I actually might agree with you that this is mostly just "next token prediction" - if I can concede that's really all I do as well.
by ghshephard
6/9/2026 at 12:52:50 AM
> I actually might agree with you that this is mostly just "next token prediction" - if I can concede that's really all I do as well.Yep. Pretty sure I've got an LLM inside too.
The other replies complaining that my thinking is so 2023 -- on the contrary, what's evolved is my own apprehension of how LLM-like most "responses" from humans prove as well.
To be sure, there are other mechanisms at play as well, significant differentiation in our... Volume of training material? Quantizations/compression? Model architecture? Just-ahead-of-time forward branching with back propagation? Double loop adaptive learning?
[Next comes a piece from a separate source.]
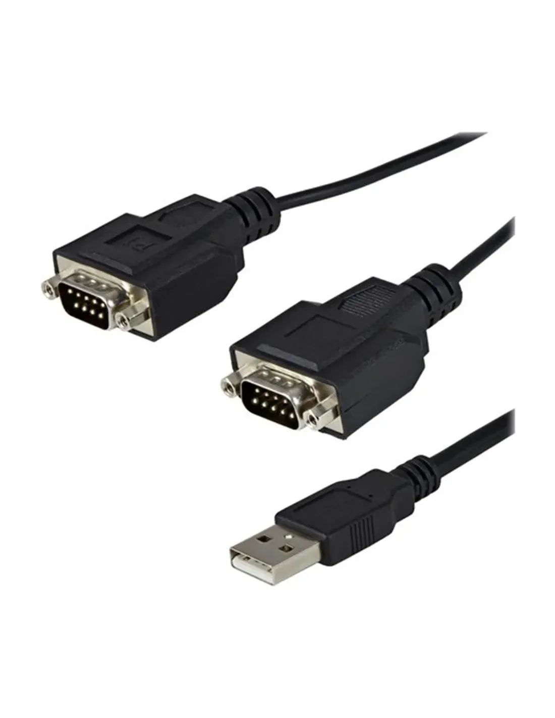 Características de la StarTech.com Cable de 1,8m USB a 2 Puertos Serie RS232El adaptador USB a doble puerto serie RS-232 de StarTech.com es una solución fiable y práctica para conectar dispositivos heredados a equipos modernos. Diseñado para profesionales que necesitan compatibilidad con periféricos serie, este adaptador permite añadir dos puertos RS-232 DB9 a través de una única conexión USB, facilitando la integración en entornos industriales, técnicos o de mantenimiento.Conectividad dual RS-232 a través de USBGracias a su diseño, este adaptador permite convertir un puerto USB en dos interfaces serie independientes, ideal para trabajar con equipos como impresoras industriales, escáneres, módems o sistemas de control.1 x USB Tipo A macho (4 clavijas)2 x puertos RS-232 DB9 machoProtocolo de datos RS-232Instalación sencilla y alimentación por USBEl dispositivo se alimenta directamente a través del puerto USB, eliminando la necesidad de fuentes de energía externas. Además, su cable integrado de 1,8 metros facilita una instalación flexible y ordenada.Alimentación directa por USBCable USB integrado de 1,8 mIndicador LED de alimentaciónAmplia compatibilidad con sistemas operativosEste adaptador destaca por su compatibilidad con una gran variedad de sistemas operativos, lo que lo convierte en una opción versátil tanto para entornos actuales como legacy.Compatible con Windows (desde 98 SE hasta Windows 11)Soporte para Linux (versiones LTS y kernel 2.4.x o superior)Compatible con macOS desde 10.6 hasta macOS 13.0Diseño robusto y preparado para uso profesionalSu construcción externa en color negro y cumplimiento de normativas garantiza un uso seguro y duradero. Además, está preparado para trabajar en diferentes condiciones ambientales.Cumplimiento de normativas FCC y RoHSTemperatura de funcionamiento: 0 °C a 55 °CHumedad de funcionamiento: 5% - 95%Otras especificacionesTipo de dispositivo: Adaptador serie externoInterfaz de conexión: USBPuertos: 2 x RS-232Kit de montaje incluidoPeso: 300 g

You know, harnessing the LLM. :-) Dare we call it executive function?
LLM mode becomes particularly apparent when conversing with Alzheimer's patients in the stage where short term memories do not form but they retain access to long term memory up to, say, 5 years ago or so. Fifty years of who they are, and one can trigger nearly identical responses with nearly identical prompts.
But that same person may be able to debate 1950s politics while being unable to complete making a sandwich.
If they didn't know of new shortcuts for a task, would almost certainly not "estimate" but "intuit", or "instictively" respond (apply heuristics), largely based on their "priors" aka training material.
If you sit with them and chat a while, you'll even get the kind of looping you get from Qwen trying to think when context is too full.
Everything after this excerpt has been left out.